The City Planning Commission found them-selves spokesmen for the trees of Charlottesville at their September 13 meeting. First they expressed anger at a developer, David Turner, who cut down a 150-year-old beech tree he was supposed to preserve at 3 University Ave. “In my mind, this is an illegal act,” said Commissioner Craig Barton. Then the commission deferred a Habitat for Humanity project so that Habitat could alter their site plan in the interest of preserving several poplars on the property.
    Those actions reminded C-VILLE of another tree advocate: The Lorax. So with apologies to Theodore Geisel, we’ve chosen to tell the tale in Seuss-ian fashion.

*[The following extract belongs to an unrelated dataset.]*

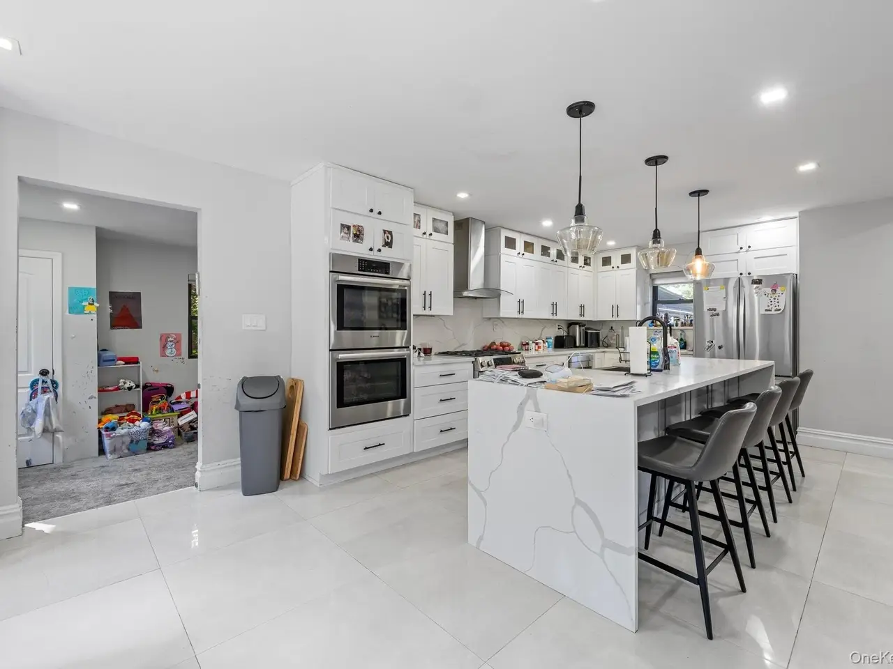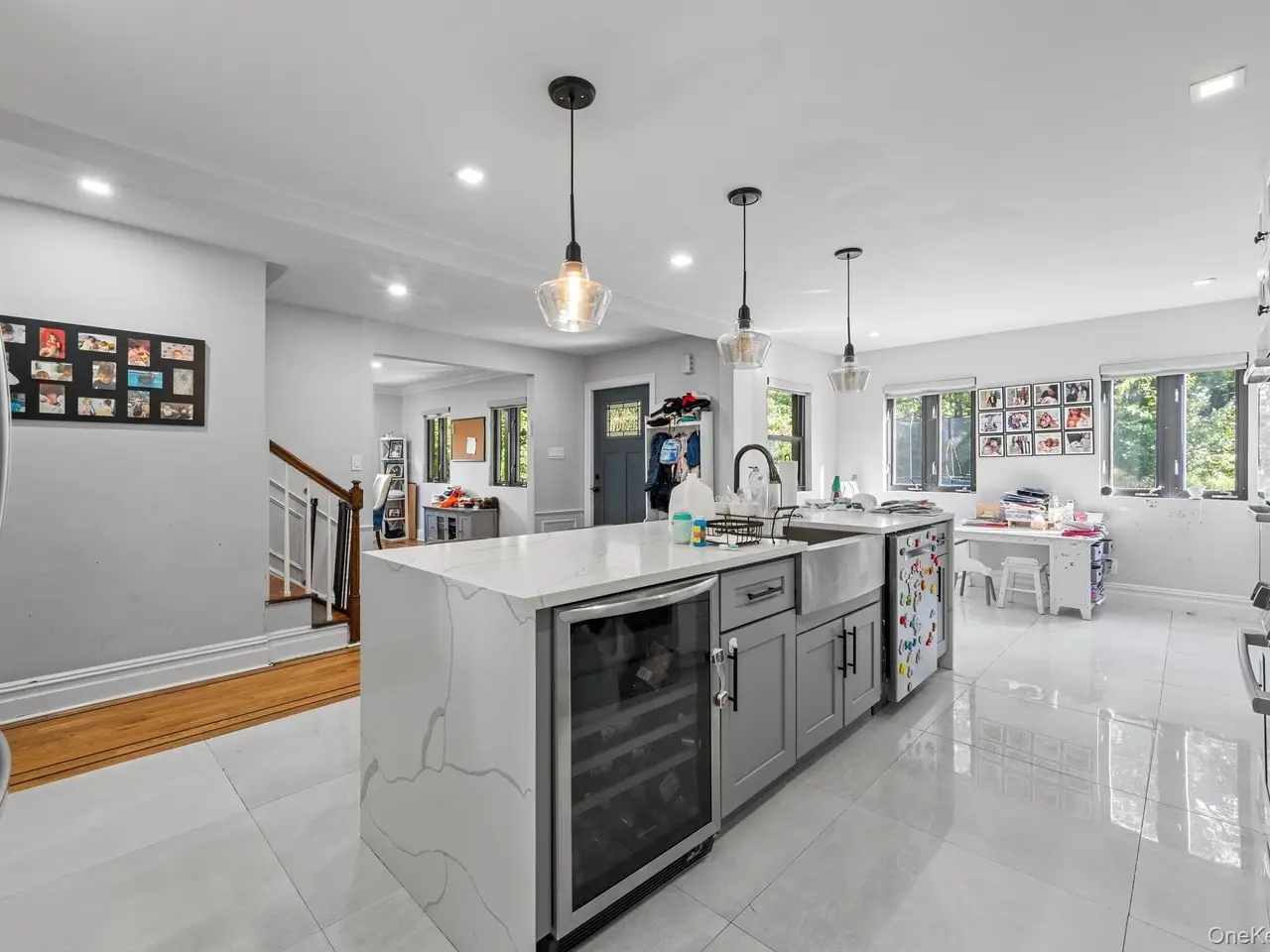 Welcome to this beautifully renovated, sun-drenched home on a quiet, tree-lined residential street. This charming residence features three spacious bedrooms, a lovely living room with a cozy fireplace, and a bright sunroom or home office. The formal dining room opens to an elegant chef’s eat-in kitchen with floor-to-ceiling custom cabinetry, a full suite of stainless steel appliances, an island with bar seating, and a generous breakfast area. The second floor offers a primary bedroom with a private en-suite bath and balcony, plus two additional bedrooms sharing a modern full bath. The large finished basement is ideal for entertaining, complete with a home office area and ample storage. Additional highlights include a laundry room on the first floor, a wide private driveway, a two-car garage, and a beautiful backyard. Conveniently located near shopping, schools, parks, and restaurants.

We, the Commission, we speak for the trees.
We’re tired and sick of developer’s disease
That causes the loss of too many a trunk
Of great big old beeches that fall, go kerplunk
When you cut to make way for parking garages.
Don’t bring us your site plan in dark camouflages
To disguise your designs on our harmless old poplars.
Please come back again, don’t make us go “Stop-lars,”
And prevent you from building affordable housing.
Just move back those units, don’t give us no grousing.
Keep canopies stretching ’cross Hanover Street
Providing shady cool spots for teenagers to meet
And old folks to greet.

We’re mad at that guy
Who promised to save (in the end just a lie)
A sacred old tree at University Ave
One hundred fifty years that Beech we
had had.
But no more! Alas! He cut it in haste.
For now, his construction is halted in waste.
Board of Zoning Appeals for now
must decide
If developer appeal is approved or denied.
Legal action we’d take if we knew that
we could
Though no court in this land that tree can make good.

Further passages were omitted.